Asıl yük kimin sırtında?

Fotoğraf: ANKA
Hazine ve Maliye Bakanı Mehmet Şimşek hafta başında, ekonomi politikalarındaki başarısızlığının üzerini örtmek için “Deprem, memur maaşları ve EYT bütçe üzerinde önemli yük oluşturuyor” açıklaması yaptı. Yapılan açıklama ile kamu kaynaklarının nasıl yönetildiği ve kimler için kullanıldığı sorusu yeniden gündeme geldi.
Türkiye’de kamu kaynaklarının bölüşümü halkın temel ihtiyaçlarının mı yoksa sermayenin taleplerinin mi öncelikli olduğu sorusu etrafında şekilleniyor. Deprem, memur maaşları ve EYT’nin getirdiği iddia edilen maliyetler, doğrudan halkın en temel hakları ve ihtiyaçları ile ilgiliyken, bütçedeki en büyük yükü aslında sermaye yanlısı politikalar, müşteri garantili projeler ve kur korumalı mevduat oluşturuyor.
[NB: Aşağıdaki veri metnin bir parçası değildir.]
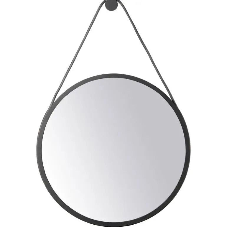 FDB Møblers I3 Mossø-spegel, designad av Diana Mot och Isabella Bergstrøm, är en fräsch tolkning av en klassisk väggspegel med träram. I3 Mossø-väggspegeln har en rund ram av ekträ som hängs upp på väggen med hjälp av en träkrok och ett läderband med detaljer i mässing. Du kan placera spegeln på en vägg i hallen eller klädkammaren, eller använda den som en dekorativ spegel i vardagsrummet för att skapa intrycket av extra ljus och rymd.

Bugün Türkiye’nin en büyük bütçe yükü olarak gösterilen kalemlerin başında halkın talepleri değil, bütçeden sermayeye aktarılan doğrudan ve dolaylı kaynaklar var. Köprüler, otoyollar, havaalanları, şehir hastaneleri gibi projelerde şirketlere verilen garanti ödemeleri yıllık milyarlarca liralık yük oluşturuyor. Müşteri garanti projelere 2017 yılından 2024 yılı sonuna kadar 384 milyar lira “garanti ödeme” yapılmış. 2025 yılında bütçeden kamu özel iş birliği (KÖİ) projeleri çerçevesinde köprüler, otoyollar ve Avrasya Tüneli ile yap-kirala-devret modeliyle yaptırılan şehir hastanelerine toplam 204 milyar lira ödenecek. Önümüzdeki üç yılda ödenecek garanti ödeme tutarı 689 milyar lira olarak hesaplanıyor.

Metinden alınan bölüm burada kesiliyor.